4. The Court has been given to understand that applicant and the respondent, having both been named as parents on V's Birth Certificate, had, under Czech law, joint custody rights in respect of V. It is further understood that V. lived with his both his parents until they separated (his father moved to Ireland in February 2004), and that thereafter he lived at the home of the applicant/the applicant's parents."

5. The respondent moved to Ireland in February 2004 and currently resides in the west of Ireland (address supplied). He is now in a long term relationship with another woman, T, with whom he has another daughter, S. T also has a son, M, from a previous relationship. The respondent has expressed no intention of returning to the Czech Republic any time in the near future.

6. Beginning in or about 2007, V travelled to Ireland to spend two weeks with his father during the summer with the permission of the applicant. On 21st July, 2011, V, accompanied by his paternal grandmother, travelled to Ireland to visit his father and was scheduled to return to the Czech Republic on 15th August, 2011. Here the stories diverge. According to the applicant, on 10th August, 2011, the respondent sought to have V stay in Ireland until 25th August, 2011 and the applicant agreed. V was to return to the care of his maternal grandparents upon his return as his mother was due to enter hospital for medical treatment beginning on 11th August, 2011. The applicant was not discharged from her treatment until 9th December, 2011. V never returned to the Czech Republic. According to the respondent, he decided not to return the child when he learned that the applicant was in a rehabilitation centre. He contacted V's maternal grandparents and told them that he would keep V in Ireland. He avers that he was not contacted by the applicant until she was discharged from her treatment centre in December 2011.

7. V is currently living with his father at the aforementioned address in the West of Ireland. He also attends school there.

8. The applicant commenced these proceedings in January 2012. The Central Authority for the Czech Republic, namely the Office for International Protection of Children, Urad pro mezinarodnepravniochranudeti, Silingrovoneamesti 3, 602 00 Brno, Czech Republic has by letter to the Irish Central Authority requested the return of the children under Article 12 of the Hague Convention in a Request for Return dated 9th January, 2012 attached to its cover letter dated 8th February, 2012. The respondent was served with the papers in April 2012.

9. The applicant alleges that V was unlawfully retained in Ireland by the respondent in or about 25th August, 2011 without the applicant's consent and without lawful authority to do so, thereby breaching the applicant's custody rights under Articles 3 and 5 of the Hague Convention.

10. The respondent has refused to return the child to the Czech Republic because he believes that the applicant is not in a position to care for him. The respondent avers that the applicant is an alcoholic and works as a prostitute.

Report of Ms. Clodagh Higgins, Psychologist
11. Ms. Higgins met with V on 14th June, 2012 in the presence of an interpreter pursuant to an order of Ms. Justice Finlay Geoghegan for the purpose of ascertaining the views of V.

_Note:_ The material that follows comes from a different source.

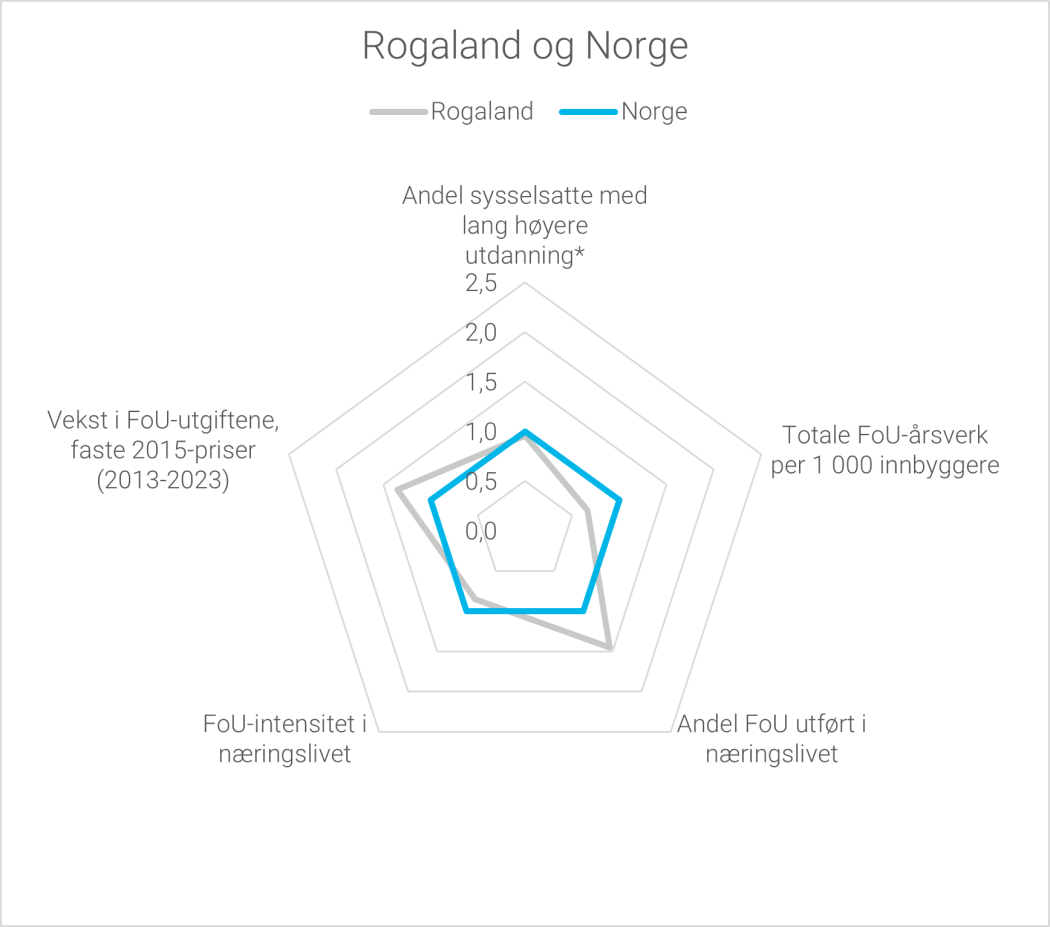 Oslo er fortsatt det største fylket målt i FoU-aktivitet, og står for nær en tredjedel av FoU-utgiftene i Norge. I Oslo er det et FoU-intensivt næringsliv, særlig innenfor tjenesteytende næringer, som står for den største andelen. Men også universitets- og høgskolesektoren, som også inkluderer Oslo universitetssykehus HF, har en stor andel FoU i Oslo. Universitetet i Oslo og andre store utdanningsinstitusjoner som OsloMet og Handelshøyskolen BI bidrar til den høye andelen. I alt 7 vitenskapelige høgskoler og 4 andre høgskoler, av totalt 23 høgskoler som inngår i universitets- og høgskolesektoren, er lokalisert i Oslo. I instituttsektoren er det særlig SINTEF, Norges geotekniske institutt, Norsk institutt for vannforskning og Folkehelseinstituttet som bidrar til den høye FoU-aktiviteten i hovedstaden.

12. V reported that the applicant lived with V for the first two years of his life and then moved to Slovenia for work. V remained in the care of his maternal grandparents in the Czech Republic. The applicant returned to her parents' home once a month to visit V. V reported that, when the applicant came home, she rarely played with him and spent most of her time on the computer. V stated that he missed his mother when she was away. V would speak to the respondent via Skype every day or every other day.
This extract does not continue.